Optimus v7.8.1 Methods
Below we provide an example methods section for a publication, separated into single-cell or single-nucleus use cases. For the complete pipeline documentation, see the Optimus Overview.
Methods
Single-cell (sc_rna mode)
Data preprocessing and count matrix construction were performed using the Optimus v7.8.1 pipeline (RRID:SCR_018908). Briefly, FASTQ files were partitioned by barcodes using fastqprocess. The files were then trimmed, aligned, UMI-corrected against the 10x Genomics barcodes whitelist, and converted to a raw count matrix using STARsolo v2.7.11a. CB correction was performed using the --soloCBmatchWLtype 1MM_multi parameter.
Reads were trimmed using the solo parameter --clipAdapterType CellRanger4 and --outFilterScoreMin 30 which matches read trimming performed by CellRanger4. Reads were then aligned to GENCODE mouse (M32) or human (V43) references in stranded mode. Genes were annotated using the STARsolo "Gene" COUNTING_MODE and UMIs were corrected with the --soloUMIdedup 1MM_CR parameter, which uses Cell Ranger's correction method. The resulting BAM was then used for cell and gene metric correction using the warp-tools TagSort tool. The STAR TSV outputs for gene counts, features, and barcodes were converted to numpy arrays for downstream empty droplet detection using DropletUtils v1.2.1 emptyDrops with the parameters --fdr-cutoff 0.01 --emptydrops-niters 10000 --min-molecules 100 --emptydrops-lower 100.
All cell and gene metrics (alignment, mitochondrial, and other QC metrics), count matrices, and emptyDrops results were aggregated into a final h5ad-formatted cell-by-gene matrix. The final outputs included the unfiltered h5ad and unfiltered (but tagged) BAM file.

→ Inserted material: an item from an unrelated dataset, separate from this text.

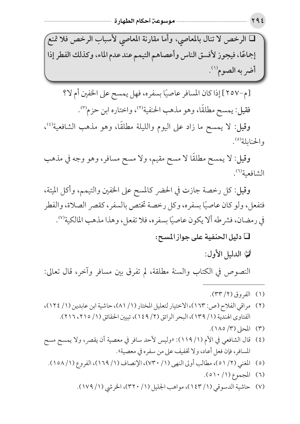 (¬٤) قال الشافعي في الأم (١/ ١١٩): «وليس لأحد سافر في معصية أن يقصر، ولا يمسح مسح المسافر، فإن فعل أعاد، ولا تخفيف على من سفره في معصية».
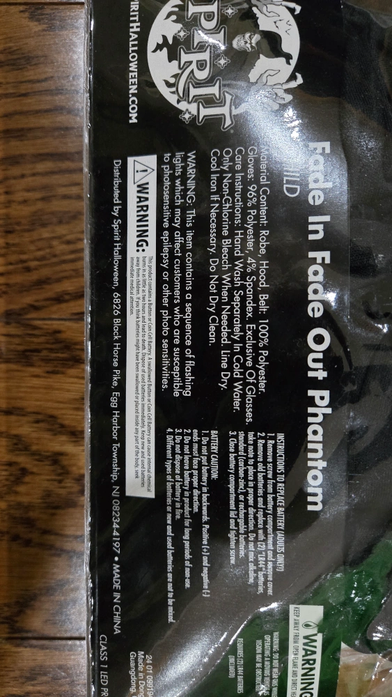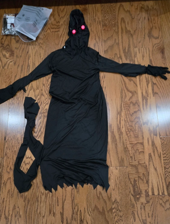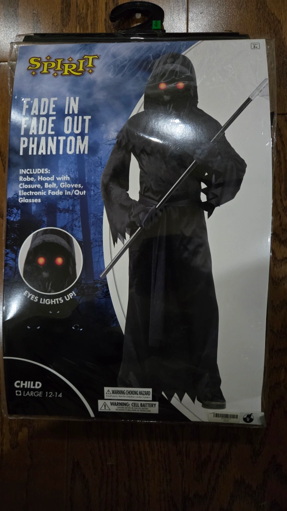 28Selling of Spirit Halloween Fade In Fade Out Phantom costume for a child, size large (12-14). It includes the robe, hood with closure, belt, gloves, and electronic fade in/out glasses.

An example of the pipeline and outputs is available on the Terra HCA Optimus Pipeline Featured Workspace, and an additional pipeline overview is available in WARP documentation. Examples of genomic references, whitelists, and other inputs are available in the WARP repository (see the example inputs)..
Single-nucleus (sn_rna mode)
Data preprocessing and count matrix construction were performed using the Optimus v7.8.1 pipeline (RRID:SCR_018908). Briefly, FASTQ files were partitioned by barcodes using fastqprocess. The files were then trimmed, aligned, UMI-corrected against the 10x Genomics barcodes whitelist, and converted to a raw count matrix using STARsolo v2.7.11a. CB correction was performed using the --soloCBmatchWLtype 1MM_multi parameter.
Reads were trimmed using the solo parameter --clipAdapterType CellRanger4 and --outFilterScoreMin 30 which matches read trimming performed by CellRanger4. Reads were then aligned to GENCODE mouse (M32) or human (V43) references in stranded mode. Genes were annotated using the STAR "GeneFull_Ex50pAS" COUNTING_MODE and UMIs were corrected with the --soloUMIdedup 1MM_CR, which uses a Cell Ranger's correction method. The resulting BAM was then used for cell and gene metric correction using the warp-tools TagSort tool. The STAR TSV outputs for gene counts, features, and barcodes were converted to numpy arrays for downstream h5ad conversion. All cell and gene metrics (alignment, mitochondrial, and other QC metrics) and count matrices were aggregated into a final h5ad-formatted cell-by-gene matrix. The final outputs included the unfiltered h5ad and unfiltered (but tagged) BAM file.
An example of the pipeline and outputs is available on the Terra HCA Optimus Pipeline Featured Workspace, and an additional pipeline overview is available in WARP documentation. Examples of genomic references, whitelists, and other inputs are available in the WARP repository (see the example inputs.).